Mass shooting in Bangkok, Thailand

On 28 July 2025, at 12:31 ICT (UTC+7), a mass shooting occurred at the Or Tor Kor Market (ตลาด อ.ต.ก., ) in Bangkok, Thailand.

A gunman opened fire on people at the market near a donation center, killing four security guards and a vendor and injuring two women. The gunman died of a self-inflicted gunshot wound.

== Background ==
Gun ownership rates in Thailand are relatively high for Southeast Asia. Thailand has the highest civilian gun ownership rate in Southeast Asia. Specifically, it has a rate of 15.1 guns per 100 people. Estimates put the number civilian gun owners in the country at more than 10.34 million, while only 6.22 million guns are legally registered.
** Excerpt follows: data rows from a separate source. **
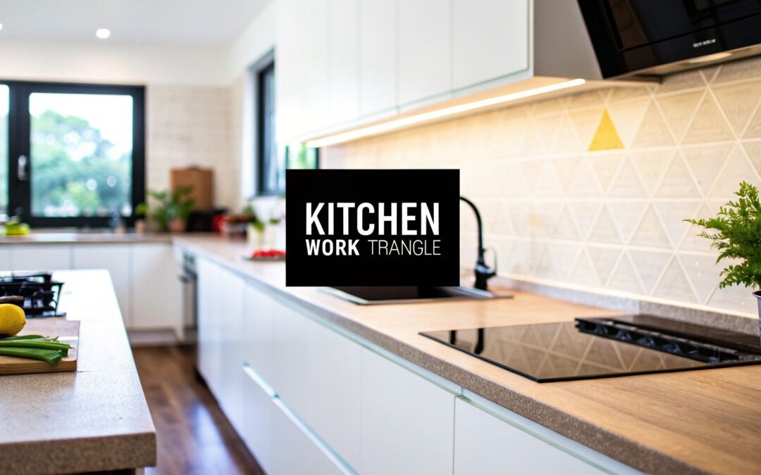 Think of the triangle less as a strict geometric rule and more as a guide for creating logical, clear paths between your three main work zones—the sink, the stove, and the refrigerator. The layout should just feel right, cutting down on the wasted steps and effort it takes to whip up a meal.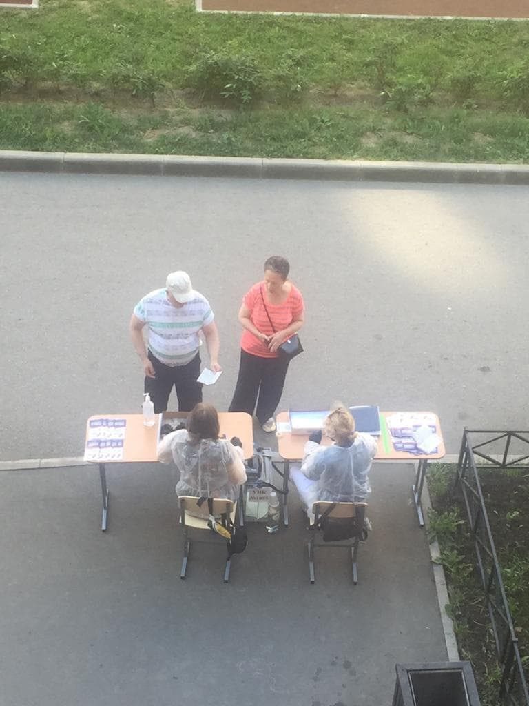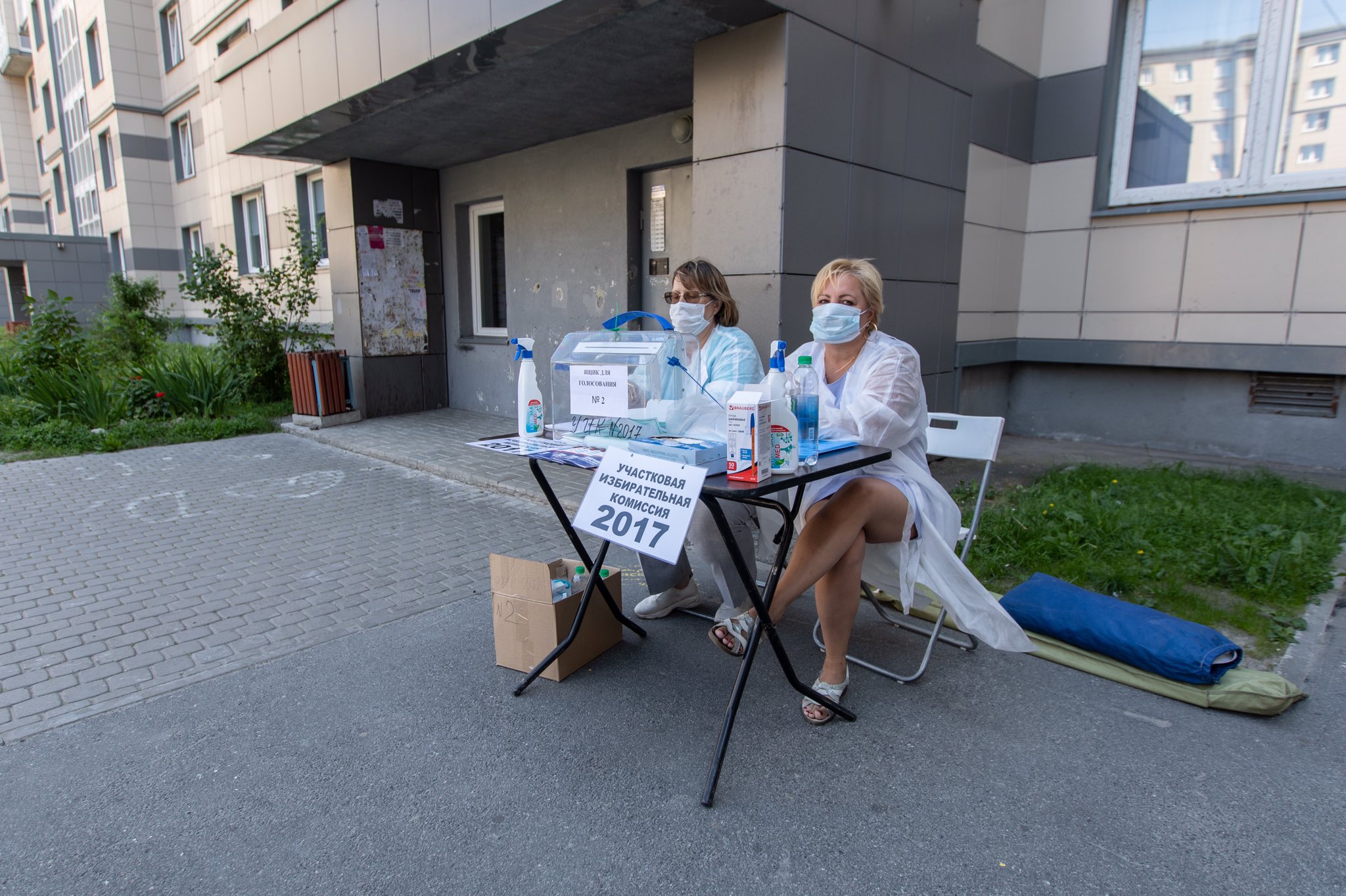 Избирательные участки установили у многих петербургских домов. Сотрудникам выдали маски, перчатки и антибактериальные средства.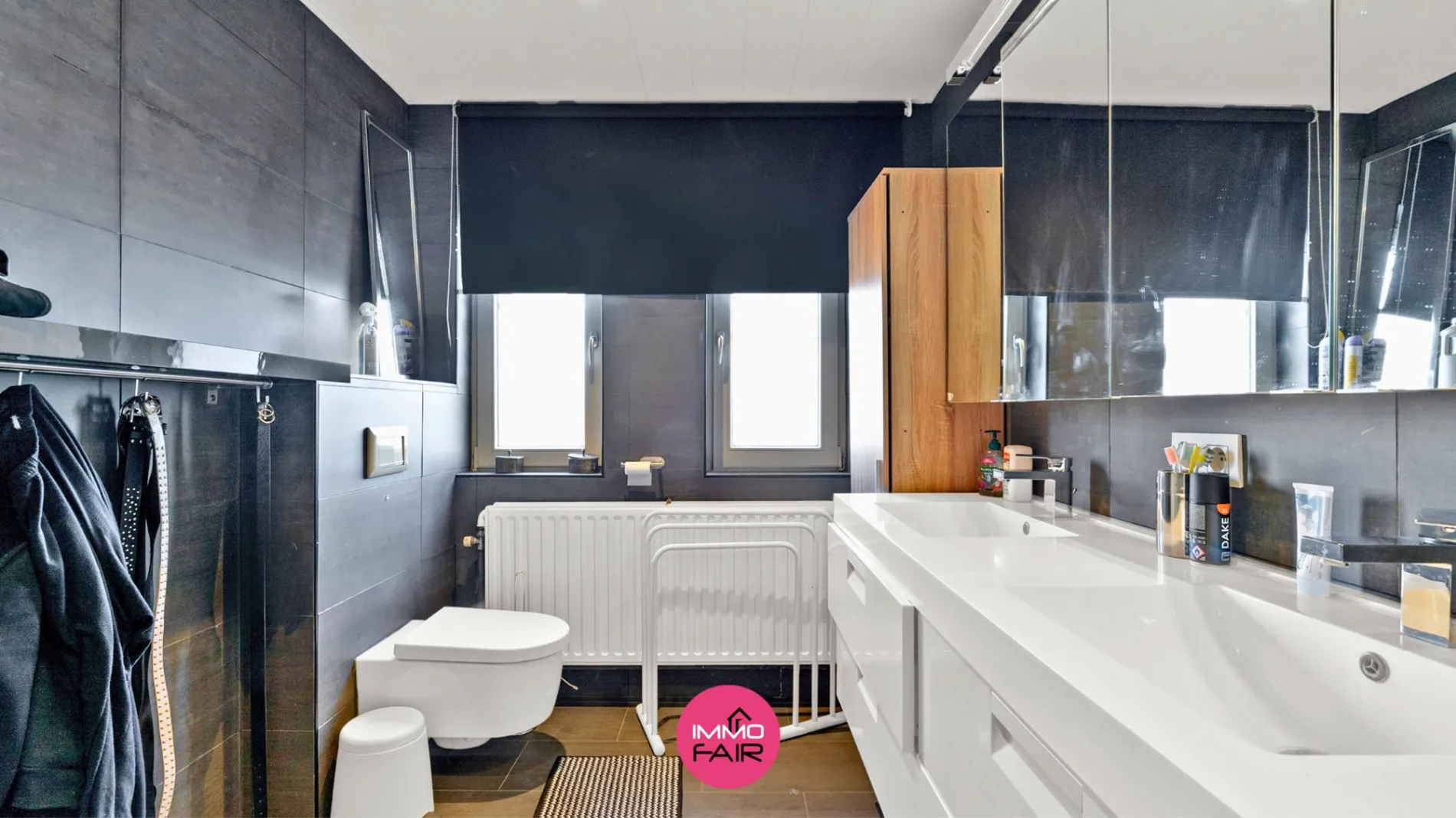 Aan de inkomhal bevindt zich de eerste badkamer, uitgerust met een douche, toilet en lavabomeubel. Deze is praktisch gelegen, waardoor je niet door de volledige woning hoeft te gaan.
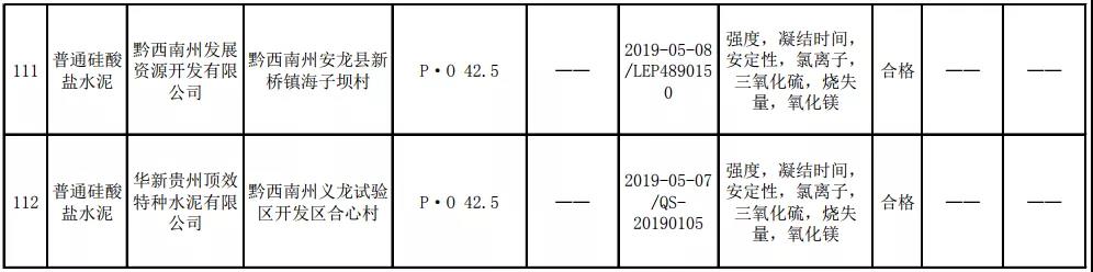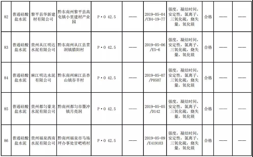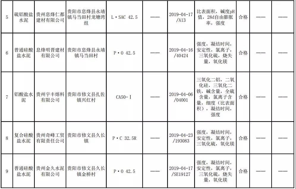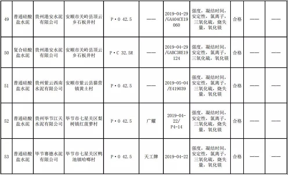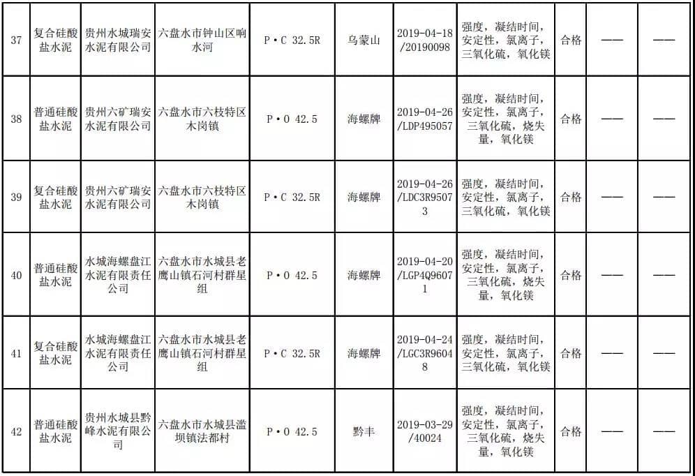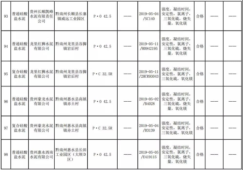 2019年8月13日,貴州省市場(chǎng)監(jiān)督管理局網(wǎng)站公布2019年水泥產(chǎn)品質(zhì)量監(jiān)督抽查結(jié)果。本次監(jiān)督抽查共抽查90家企業(yè)生產(chǎn)的112批次產(chǎn)品,抽查區(qū)域涉及貴陽(yáng)市、遵義市、六盤(pán)水市、安順市、畢節(jié)市、銅仁市、黔東南州、黔南州、黔西南州,產(chǎn)品檢驗(yàn)結(jié)果均為合格,問(wèn)題產(chǎn)品檢出率為0%,問(wèn)題企業(yè)發(fā)現(xiàn)率為0%。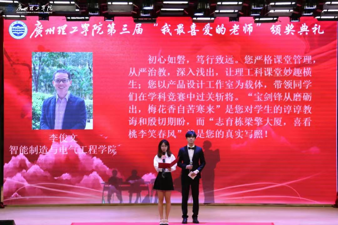 在“我最喜爱的老师”活动评选过程中,公司师生积极参与,精心组织投票环节,荣获“优秀组织奖”。凭借渊博的知识、深厚的专业素养、优秀的人格魅力、出色的师德师风,公司李俊文老师深受同学们的认可,荣获“我最喜爱的老师”称号。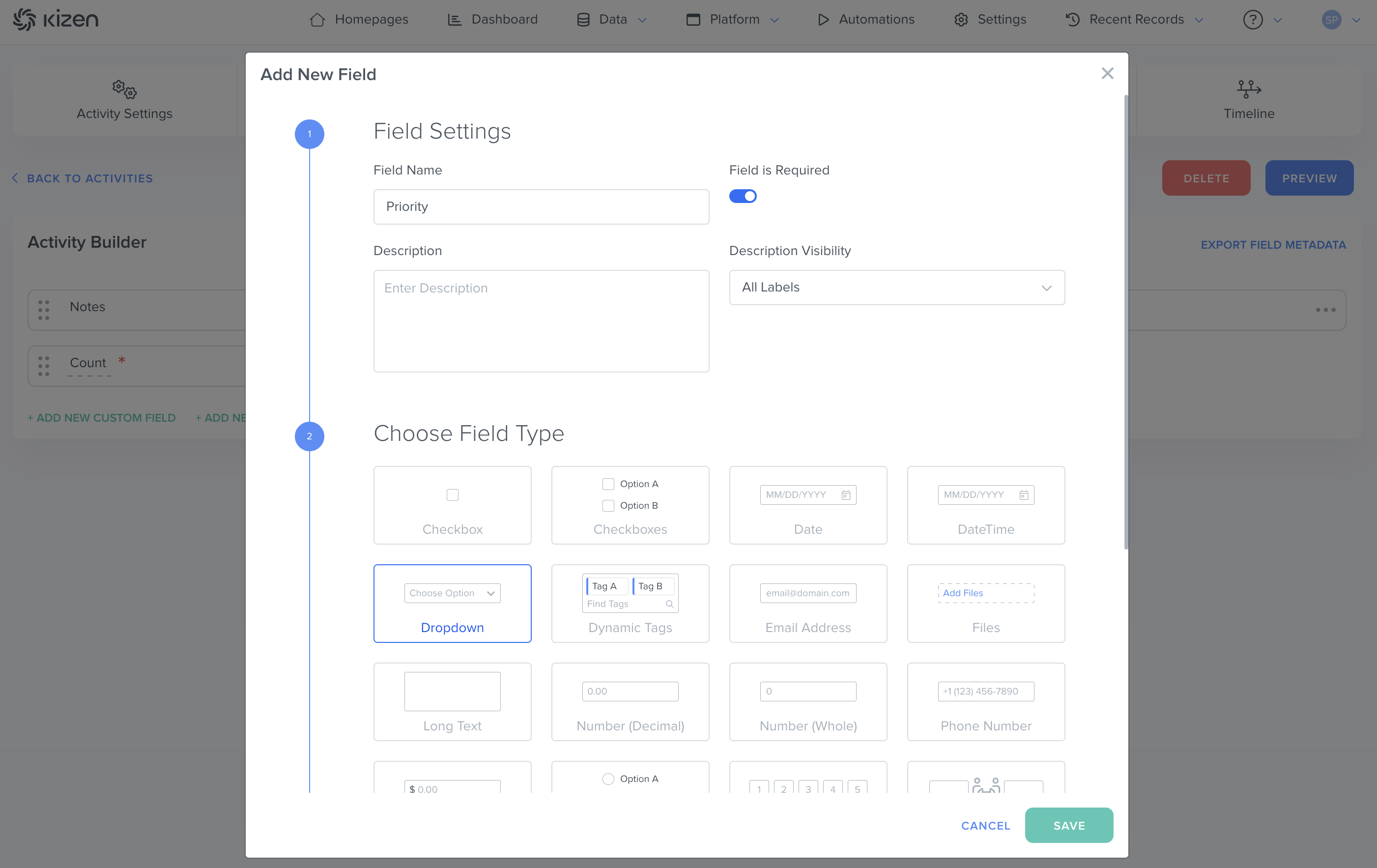 - Choose the Custom Field or Activity Field.

Thailand also has the highest number of gun homicides in Southeast Asia, almost 50 percent more gun homicides than the Philippines. While Thailand has fairly restrictive laws on gun ownership, gun violence is not unusual and the nation has experienced several deadly mass shootings in recent years.

Or Tor Kor Market is a large fresh market in Bangkok's Bang Sue district and is located opposite to the Chatuchak Weekend Market.

On 26 July 2025, Kanthat Pongpaiboonwet opened a donation center for supplies and dried food at the Or Tor Kor Market to send to evacuation centers, as well as to soldiers and police officers on duty during the border clashes between Thailand and Cambodia.

== Incident ==
The perpetrator hijacked a taxi near SC Park, forcing the driver at gunpoint to drive him to Or Tor Kor Market. They parked near Gate 1 at the market, where the perpetrator exited the vehicle and opened fire on security guards, killing three of them at approximately 12:31 ICT.

After shooting the guards, the perpetrator entered a building to find a security guard named "Mr. Nan" who he had an ongoing conflict with after a 2020 incident. When he found Mr. Nan, the perpetrator shot him multiple times, killing him. He then started to chase and shoot at other security guards from the building into the market, causing the death of one market vendor and injuring two women.

The perpetrator proceeded to sit down on a bench and take his own life via a self-inflicted gunshot wound.

== Victims ==
Six people (including the perpetrator) were killed and two others were injured. The first three security guards killed in the attack were Mr. Wicha Saengdee (age 55), Mr. Preecha Chaiya (age 44) and Mr. Somsak Thetsatomya (age 51). The next fatality and the intended target was Mr. Anan Panchuen (age 55), followed by a vendor Ms. Charoenyanan Satyathanaroj (age 64) and the perpetrator.

The two injured vendors were taken to Phyathai 2 International Hospital.

== Perpetrator ==
The perpetrator was identified as Noi Praidaen (น้อย ไปรแดน), a 61-year-old resident of Khong district, Nakhon Ratchasima. Praidaen was a former employee of the market and had an ongoing conflict with a security guard named "Mr. Nan" at the market after an incident in 2020 in which he dropped off his wife to sell dried food at the market and parked his car there. Nan was then accused of slashing the vehicle. Praidaen's family claimed he had "no known history of violence" and were "unaware of any recent tensions".